What you have to do -
Transcribe nothing but the lines from the one with "秋风送爽，椰林飒飒。看着乐城" to the end of the entries, both included, keeping each exact and leaving every picture out.

The input -
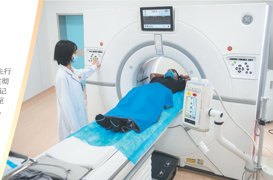
在乐城先行区，瑞金海南医院（博鳌研究型医院）医生用高端CT设备为患者检查身体。

秋风送爽，椰林飒飒。看着乐城先行区工地上热火朝天的建设景象，代晓龙语气爽朗：“我们有信心、更有底气，守护好人民群众生命健康，为健康中国建设作出新的更大贡献！”（本报博鳌10月18日电）
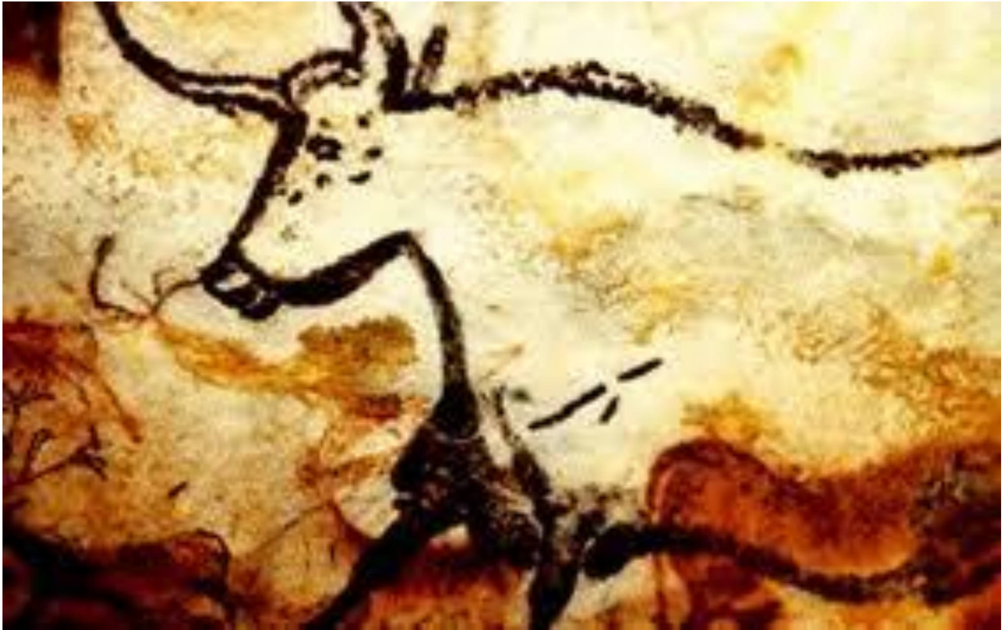
GROTTE DE LASCAUX (France)
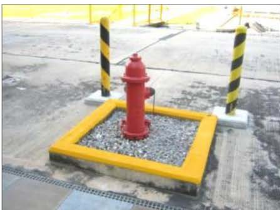
หัวจ่ายน้ำดับเพลิง
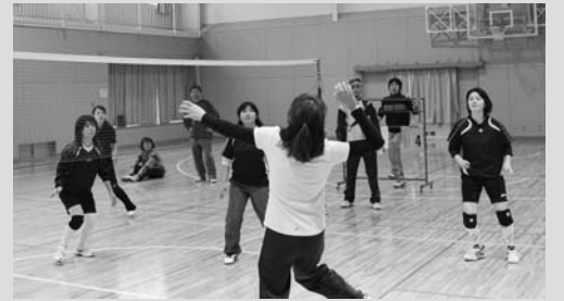
熱戦が繰り広げられた決勝戦

大会では、優勝を目指すだけでなく和気あいあい、伸び伸びとしたプレーが随所で見られました。

Written solution -
秋风送爽，椰林飒飒。看着乐城先行区工地上热火朝天的建设景象，代晓龙语气爽朗：“我们有信心、更有底气，守护好人民群众生命健康，为健康中国建设作出新的更大贡献！”（本报博鳌10月18日电）
GROTTE DE LASCAUX (France)
หัวจ่ายน้ำดับเพลิง
熱戦が繰り広げられた決勝戦

大会では、優勝を目指すだけでなく和気あいあい、伸び伸びとしたプレーが随所で見られました。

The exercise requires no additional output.